We may be unable to adequately expand and adapt our operational systems to accommodate growth or recent changes in how we deliver our products and services to customers, which could harm our ability to deliver our products and services.

 

Our operational systems have not been tested at the customer volumes that may be required in the future. In addition, our operational systems required for the delivery of products and services through license-key activation have not been tested at the combination of the number product and service offerings and customer volumes that may be required in the future.
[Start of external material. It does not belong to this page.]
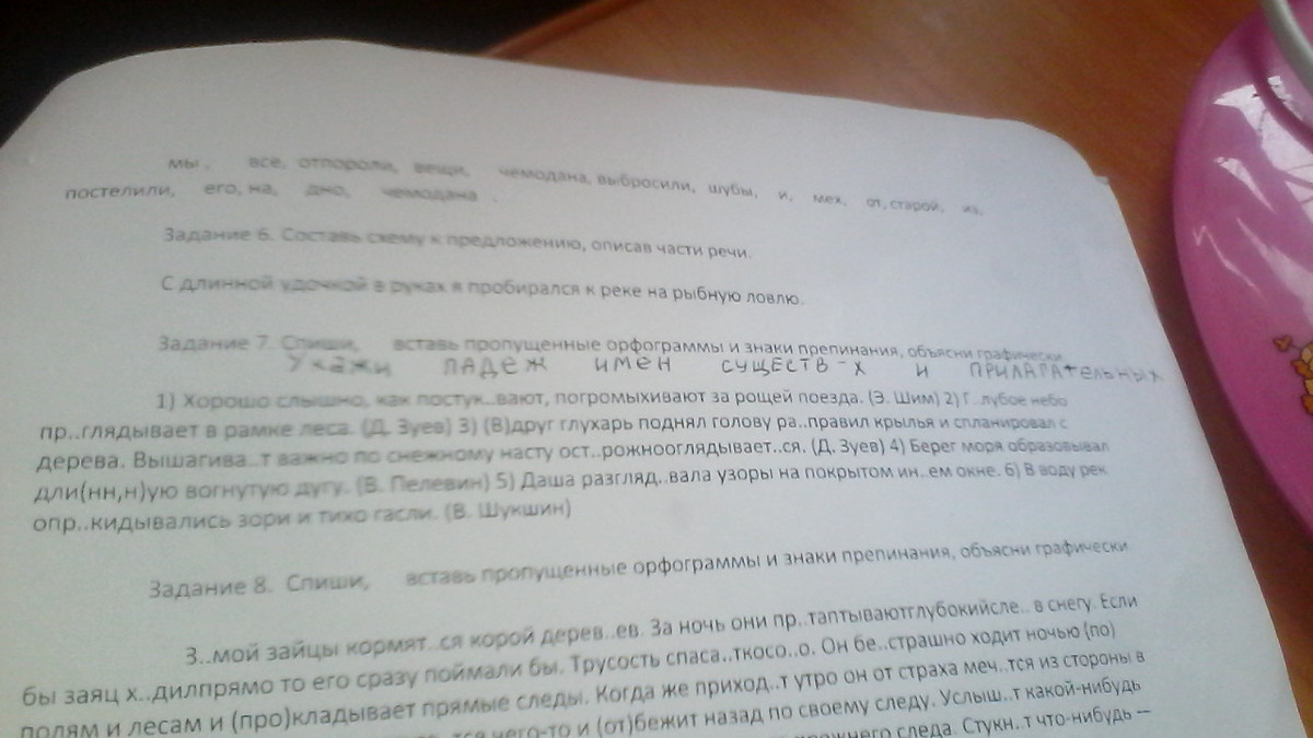 Хорошо слышно ,как постукивают ,погромыхивают за рощей поезда. Голубое небо приглядывает в рамке леса. Вдруг глухарь поднял голову,расправил крылья и спланировал с дерева (я увидела,только то что там написано спланировал) . Вышагивает важно по снежному насту ,осторожно оглядывается (раздельно) .Берег моря образовал длинную вогнутую дугу. Даша разглядывала узоры на покрытом инеем окне. В воду рек опрокидывались зори и тихо гасли.

We may encounter performance difficulties when operating with a substantially greater number of customers or a substantially greater number of products and services offered through license-key activation or a combination of the two. These performance difficulties could harm our ability to deliver our products and services. An inability to add software and hardware or to develop and upgrade existing technology or operational systems to handle increased traffic or increased number of products and services offered through license-key activation may cause unanticipated system disruptions, slower response times and poor customer service, including problems filling customer orders.

 

We may be required to defend lawsuits or pay damages in connection with the alleged or actual failure of our products and services.

 

Because our products and services provide and monitor Internet security and may protect valuable information, we may face claims for product liability, tort or breach of warranty relating to our products and services. Anyone who circumvents our security measures could misappropriate the confidential information or other property of end-users using our products and services or interrupt their operations. If that happens, affected end-users or channel customers may sue us. In addition, we may face liability for breaches caused by faulty installation and implementation of our products by end-users or channel customers. Although we attempt to reduce the risk of losses from claims through contractual warranty disclaimers and liability limitations, these provisions may be unenforceable. Some courts, for example, have found contractual limitations of liability in standard software licenses to be unenforceable because the licensee does not sign the license. Defending a suit, regardless of its merit, could be costly and could divert management attention. Although we currently maintain business liability insurance, this coverage may be inadequate or may be unavailable in the future on acceptable terms, if at all.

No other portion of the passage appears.